O último livro que escreveu tem o título Se for pra chorar, que seja de alegria. Vê-se como um otimista?
O que é um pessimista? Um pessimista é um otimista em experiência. Isto foi-me dito pelo meu tradutor na Alemanha, que já morreu há alguns anos, quando olhavam para o meu romance Não Verás País Nenhum [1981] como uma obra pessimista. Foi nesse momento que ele me disse aquela frase.
A determinada altura na sua vida, houve uma “veia bailarina”. O aneurisma permitiu-lhe encarar de forma diferente os anos seguintes e ter uma vida mais sentida?
Sim, permitiu. Foi fundamental. Eu estava a passar por um período em que nada me interessava. Não era depressão. Eu achava inclusive que não ia escrever mais nenhum livro e de repente, acontece essa veia bailarina. Eu terminei a cirurgia e constatei que estava vivo. Uma cirurgia enorme de 13 ou 14 horas, delicada, em que se abre a cabeça. Eu depois até vi o filme da operação na televisão, com o médico a mostrar todos os passos. Nessa operação, não se costura nada, é apenas um clip que segura o aneurisma. O aneurisma é uma bolha, não é uma doença. Se explode, xau. Aliás, chama-se “assassino silencioso” pelos médicos. Não tem sintomas, quando acontece, a pessoa morre. Sobrevivi e foi aí que comecei a escrever um livro cheio de piedade de mim mesmo. Mas pensei: “Estou vivo”. E fiz o contrário, escrevi um livro cheio de vida. A minha vida mudou, no sentido em que os sabores, as cores, as palavras e a relação com as pessoas mudaram. Eu nunca tirava férias: trabalhava sábados, domingos e feriados. Acabou tudo.
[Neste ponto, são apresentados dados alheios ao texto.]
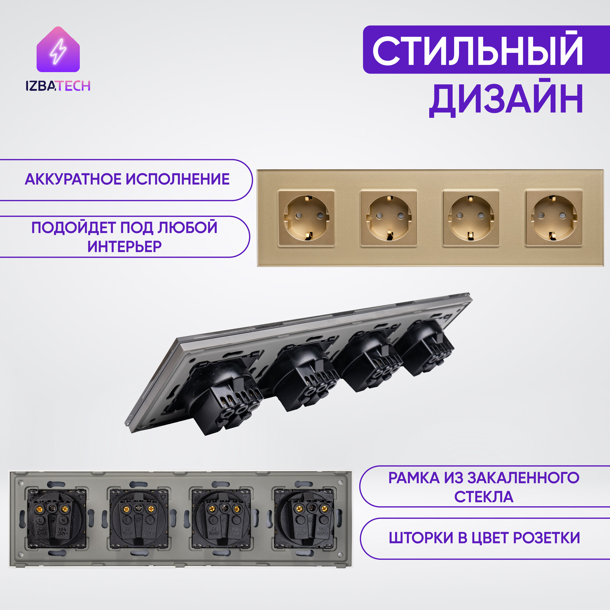 СохранитьВстраиваемая розетка на 4 поста в стеклянной золотой рамке 16А с заземлением и защитой от детей интересное:
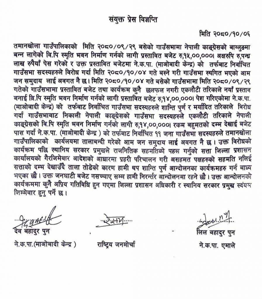 बुधबार बिहान बसेको सर्वदलीय बैठकले गाउँसभाबाट विनियोजित १४ लाख रुपैयाँ वीपी स्मृति भवन निर्माणका लागि खर्च नगर्ने निर्णय गरेको हो । नेपाली कांग्रेसबाट निर्वाचित तमानखोला गाउँपालिका वडा नम्बर ३ का वडाध्यक्ष झगबहादुर बुढा मगरको अध्यक्षतामा बसेको बैठकले वीपी स्मृति भवन निर्माणका लागि गरिएको निर्णयलाई उल्टियाउँदै सहमतिमा योजना छनोट गर्ने निर्णय भएको वडा नम्बर ४ का वडाध्यक्ष छवी श्रीपालीले जानकारी दिए ।

O meu dia de folga é o meu dia de folga. Eu sou um profissional, tenho prazos e também tenho a angústia de os ter. Mas deixei de achar isso importante. A comida é outra coisa, a luz tornou-se diferente. É difícil explicar a uma pessoa que não passou pelo mesmo. Eu estava prestes a ultrapassar a linha da morte, mas não dei o passo. Viver é isso, é existir.
O menino que vendia abacates para comprar bilhetes para o cinema ainda nutre a mesma paixão pela sétima arte?
Sim, claro. Sei que nunca vou fazer cinema, mas o meu filho mais novo está a fazer. Estudou engenharia, acabou por fazer fotografia e agora está no cinema. Está a fazer o que eu deveria ter feito. Um continua no outro.